Task brief:
Should an entry contain an image, omit it and repeat the rest exactly.

Excerpts from a dataset:

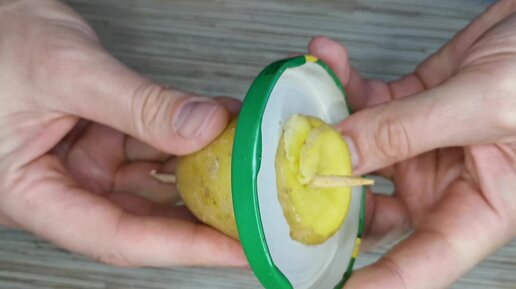Сделал картофелерезку из обычной крышки, порезал картошку, пожарил "спиральки" на палочке
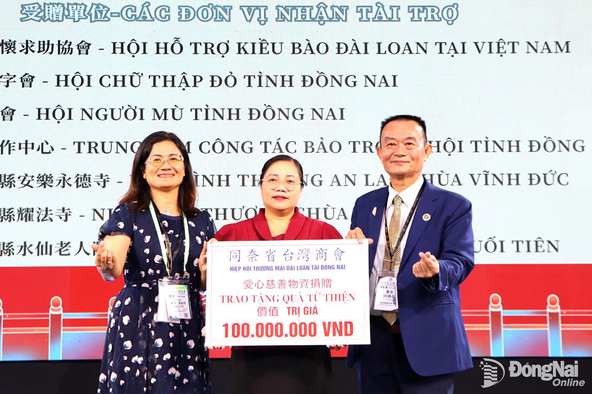 សភាពាណិជ្ជកម្មតៃវ៉ាន់ប្រចាំខេត្ត Dong Nai បានបរិច្ចាគថវិកាសប្បុរសធម៌ចំនួន 100 លានដុង ដល់សមាគមកាកបាទក្រហមខេត្ត Dong Nai ។ រូបថត៖ ង៉ុក លៀន |
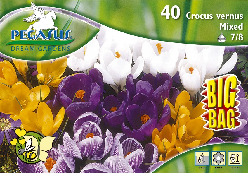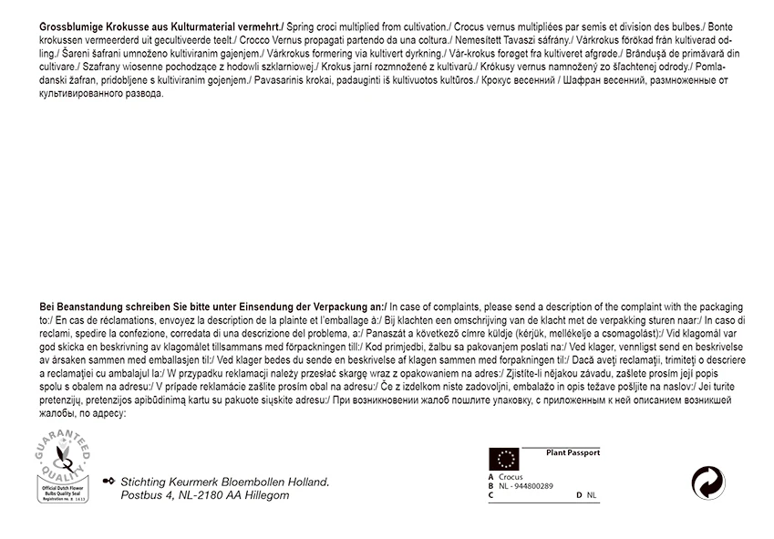 Großblumige Krokusse in einer Farbkombination aus Weiß, Gelb und Lila. Ideale Nahrungsquelle für verschiedene Nützlinge. Falls Sie Ihre Blumenzwiebeln in Kübeln oder anderen Gefäßen pflanzen, dann sollten Sie folgendes beachten. Nach dem Setzen der Zwiebeln das Pflanzgefäß gut angießen und geschützt an der Hauswand, in der kalten Garage o.ä. oder unter Sträuchern im Garten überwintern. Die Zwiebeln benötigen zwingend eine Kühlphase, um blühfähige Blüten zu entwickeln. Nur bei Frösten unter – 10° C sollte zusätzlicher Winterschutz gegeben werden. Ab Mitte – Ende März die Gefäße aus dem Winterquartier holen und ins volle Licht stellen.
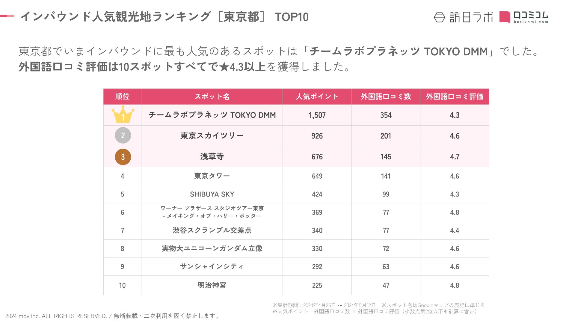 <インバウンド人気観光地ランキング TOP10[東京都編]>
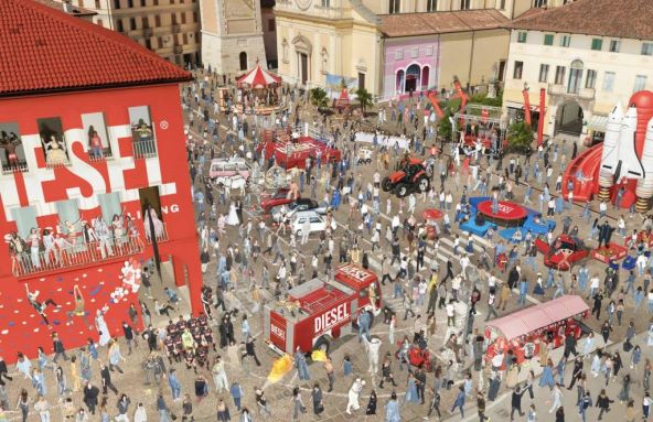 Kampanja je snimljena u mjestašcu Breganze u Italiji, gdje se nalazi Dieselovo globalno sjedište od svog osnutka 1978. godine, i sadrži šest fotografija koje vas pozivaju da se u njih udubite jer tamo vas očekuju modni prizori nadrealnih, apsurdnih, zabavnih scena koje podsjećaju na zabave na seoskim trgovima, a uz Glenna Martensa potpisuju je umjetnički direktor Chris Simmonds i fotograf Johnny Dufort.
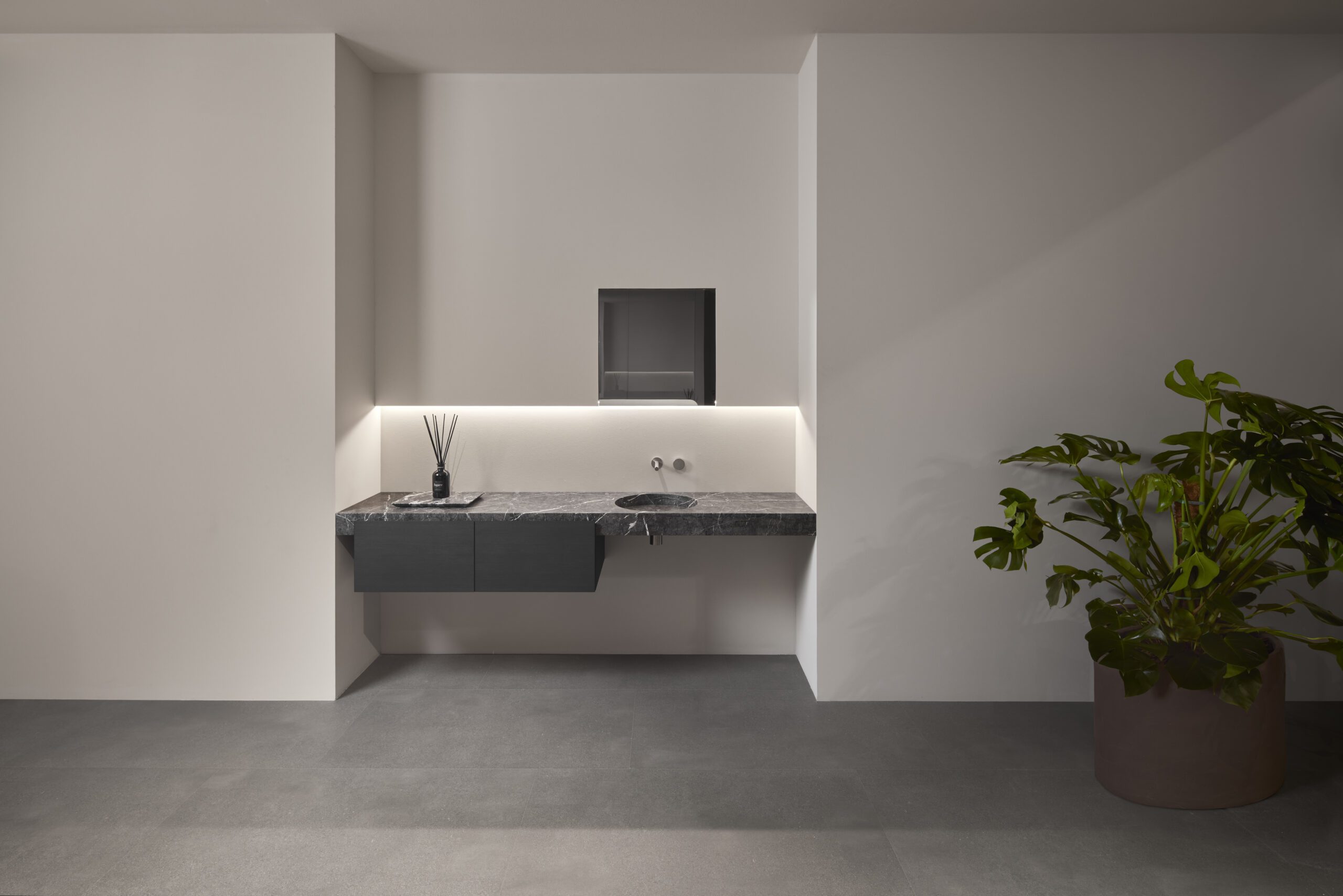 A Fortepiano (design AL Studio), la nuova collezione firmata antoniolupi, incarna l’essenza di un design che affonda le sue radici nella purezza e nella forza della materia. Il suo fascino misterioso risiede nella capacità di non rivelare subito la sua essenza: frontalmente, il piano in marmo appare come un blocco compatto e solido, ma la sua vera bellezza si svela attraverso una lavorazione innovativa che lo rende unico nel suo genere. Il nome Fortepiano è un gioco di parole che evoca due significati profondi: da un lato, il pianoforte, simbolo di armonia e composizione, suggerisce un’esperienza sensoriale che invita al relax; dall’altro, l’espressione di solidità e consistenza richiama la potenza stessa della materia, che nel caso del marmo massello diventa protagonista indiscussa.La collezione non è solo una serie di prodotti, ma un nuovo concetto di progettazione dei piani in marmo, pensato per essere modulare o a misura, con lavabi che si integrano perfettamente nella superficie continua del piano. Questi lavabi, disponibili in forme tonde, ovali, quadrate o rettangolari, sono scavati direttamente nel marmo, creando vuoti e depressioni che sembrano scolpiti dalla stessa forza dell’acqua che vi scorre sopra.
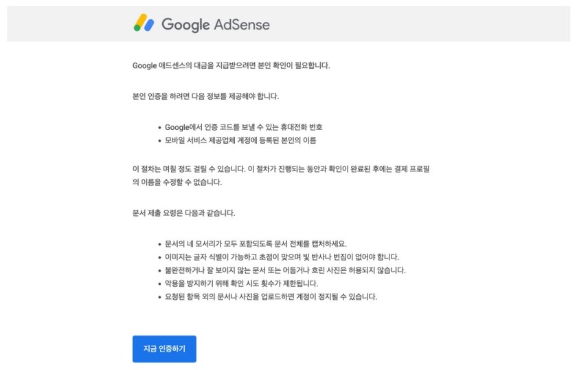 • 애드센스 우편은 일반 우편으로 오므로 우편함을 잘 살펴봐야 합니다.
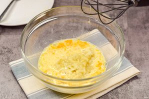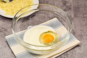 В отдельную миску вбейте куриное яйцо, добавьте молоко, сахар и щепотку соли.
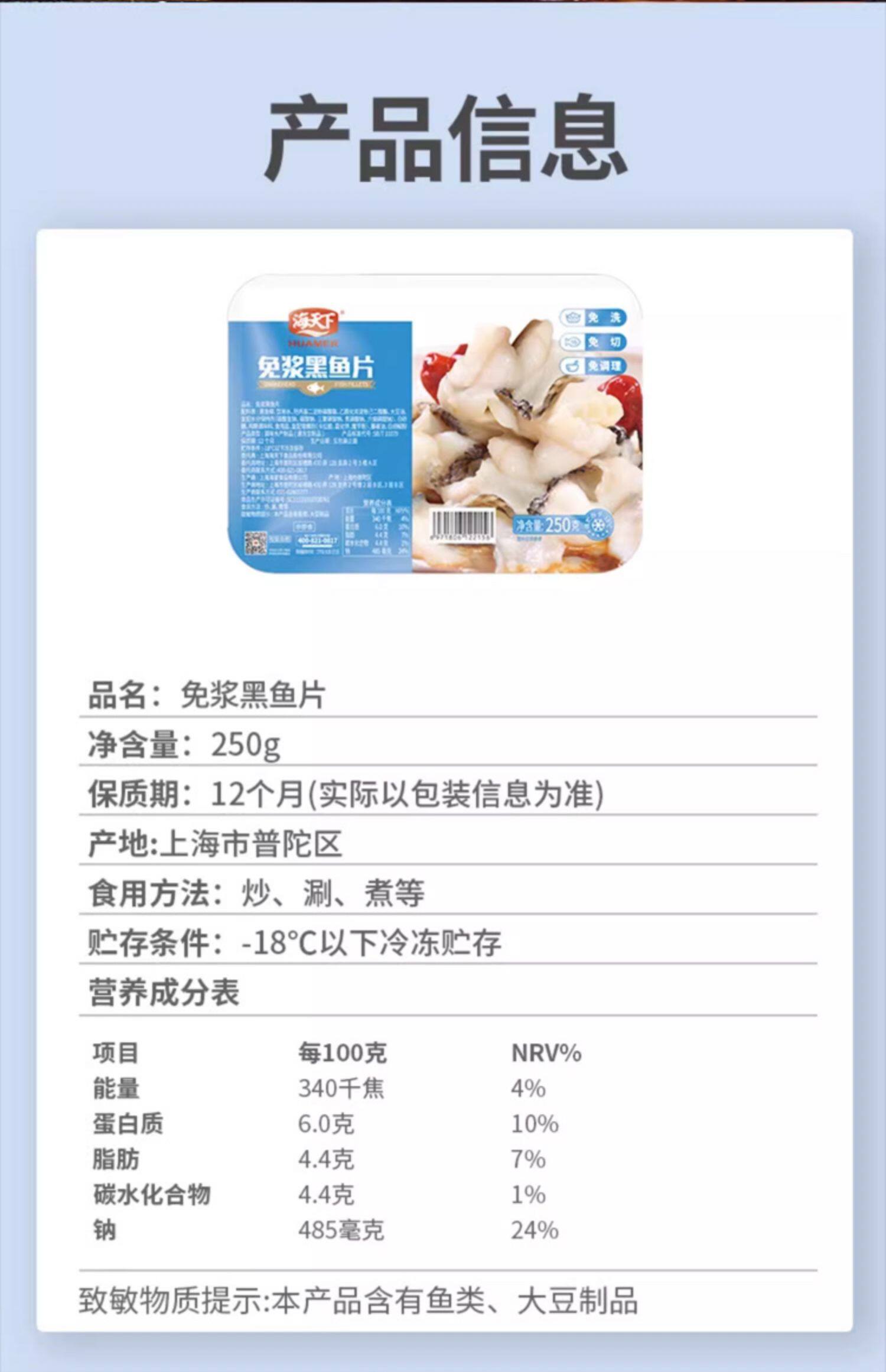 250g海天下免浆黑鱼片

Solution to the exercise:
Сделал картофелерезку из обычной крышки, порезал картошку, пожарил "спиральки" на палочке
 សភាពាណិជ្ជកម្មតៃវ៉ាន់ប្រចាំខេត្ត Dong Nai បានបរិច្ចាគថវិកាសប្បុរសធម៌ចំនួន 100 លានដុង ដល់សមាគមកាកបាទក្រហមខេត្ត Dong Nai ។ រូបថត៖ ង៉ុក លៀន |
 Großblumige Krokusse in einer Farbkombination aus Weiß, Gelb und Lila. Ideale Nahrungsquelle für verschiedene Nützlinge. Falls Sie Ihre Blumenzwiebeln in Kübeln oder anderen Gefäßen pflanzen, dann sollten Sie folgendes beachten. Nach dem Setzen der Zwiebeln das Pflanzgefäß gut angießen und geschützt an der Hauswand, in der kalten Garage o.ä. oder unter Sträuchern im Garten überwintern. Die Zwiebeln benötigen zwingend eine Kühlphase, um blühfähige Blüten zu entwickeln. Nur bei Frösten unter – 10° C sollte zusätzlicher Winterschutz gegeben werden. Ab Mitte – Ende März die Gefäße aus dem Winterquartier holen und ins volle Licht stellen.
 <インバウンド人気観光地ランキング TOP10[東京都編]>
 Kampanja je snimljena u mjestašcu Breganze u Italiji, gdje se nalazi Dieselovo globalno sjedište od svog osnutka 1978. godine, i sadrži šest fotografija koje vas pozivaju da se u njih udubite jer tamo vas očekuju modni prizori nadrealnih, apsurdnih, zabavnih scena koje podsjećaju na zabave na seoskim trgovima, a uz Glenna Martensa potpisuju je umjetnički direktor Chris Simmonds i fotograf Johnny Dufort.
 A Fortepiano (design AL Studio), la nuova collezione firmata antoniolupi, incarna l’essenza di un design che affonda le sue radici nella purezza e nella forza della materia. Il suo fascino misterioso risiede nella capacità di non rivelare subito la sua essenza: frontalmente, il piano in marmo appare come un blocco compatto e solido, ma la sua vera bellezza si svela attraverso una lavorazione innovativa che lo rende unico nel suo genere. Il nome Fortepiano è un gioco di parole che evoca due significati profondi: da un lato, il pianoforte, simbolo di armonia e composizione, suggerisce un’esperienza sensoriale che invita al relax; dall’altro, l’espressione di solidità e consistenza richiama la potenza stessa della materia, che nel caso del marmo massello diventa protagonista indiscussa.La collezione non è solo una serie di prodotti, ma un nuovo concetto di progettazione dei piani in marmo, pensato per essere modulare o a misura, con lavabi che si integrano perfettamente nella superficie continua del piano. Questi lavabi, disponibili in forme tonde, ovali, quadrate o rettangolari, sono scavati direttamente nel marmo, creando vuoti e depressioni che sembrano scolpiti dalla stessa forza dell’acqua che vi scorre sopra.
 • 애드센스 우편은 일반 우편으로 오므로 우편함을 잘 살펴봐야 합니다.
 В отдельную миску вбейте куриное яйцо, добавьте молоко, сахар и щепотку соли.
 250g海天下免浆黑鱼片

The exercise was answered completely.